Task to carry out:
Transcribe every entry verbatim; omit pictures.

Task data:

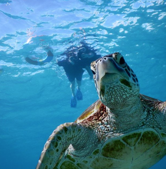 沖縄の慶良間諸島にある渡嘉敷島のとかしくビーチでウミガメと泳ぐ
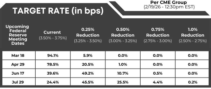 FedWatch: Target rate (in bps) possibilities, according to the CME Group (as of 02/19/2026 – 12:00 PM EST):
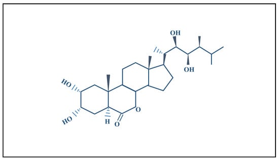 Brassinosteroids (BRs) are plant steroid hormones influencing key physiological processes crucial to plant growth and stress resistance. These hormones play a vital part in sparking seed germination, lengthening stems, growing roots, and shaping overall plant structure. They boost the work of antioxidant enzymes, which build up the plant’s defense against various environmental stresses such as lack of water, too much salt, and extreme heat or cold. Moreover, BRs adjust plant immune responses, helping protect against many harmful organisms. By improving photosynthesis and increasing crop output, BRs show their worth in farming. Because they do not harm the environment and are not toxic, BRs are a great choice for eco-friendly farming methods. As of now, more than 70 epibrassinolides have been identified, which indicates the diversity of brassinosteroids in plant physiology. Among the 70 identified, the only commercially available brassinosteroids are 28-homobrassinolide and 24-epibrassinolide, broadly utilized to improve plant growth, crop yield, and stress tolerance [] (See Figure 1).
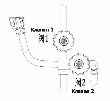 Заполнение обратного газа: При наполнении сначала закрыть клапан 1 и клапан 2, заполнить баллон 1 (нижний), после заполнения
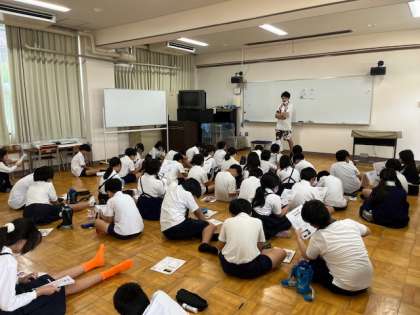 1.2組合同で、遠足のしおりをもとに、行き先や目的などを聞いていました。

Response to the exercise:
 沖縄の慶良間諸島にある渡嘉敷島のとかしくビーチでウミガメと泳ぐ
 FedWatch: Target rate (in bps) possibilities, according to the CME Group (as of 02/19/2026 – 12:00 PM EST):
 Brassinosteroids (BRs) are plant steroid hormones influencing key physiological processes crucial to plant growth and stress resistance. These hormones play a vital part in sparking seed germination, lengthening stems, growing roots, and shaping overall plant structure. They boost the work of antioxidant enzymes, which build up the plant’s defense against various environmental stresses such as lack of water, too much salt, and extreme heat or cold. Moreover, BRs adjust plant immune responses, helping protect against many harmful organisms. By improving photosynthesis and increasing crop output, BRs show their worth in farming. Because they do not harm the environment and are not toxic, BRs are a great choice for eco-friendly farming methods. As of now, more than 70 epibrassinolides have been identified, which indicates the diversity of brassinosteroids in plant physiology. Among the 70 identified, the only commercially available brassinosteroids are 28-homobrassinolide and 24-epibrassinolide, broadly utilized to improve plant growth, crop yield, and stress tolerance [] (See Figure 1).
 Заполнение обратного газа: При наполнении сначала закрыть клапан 1 и клапан 2, заполнить баллон 1 (нижний), после заполнения
 1.2組合同で、遠足のしおりをもとに、行き先や目的などを聞いていました。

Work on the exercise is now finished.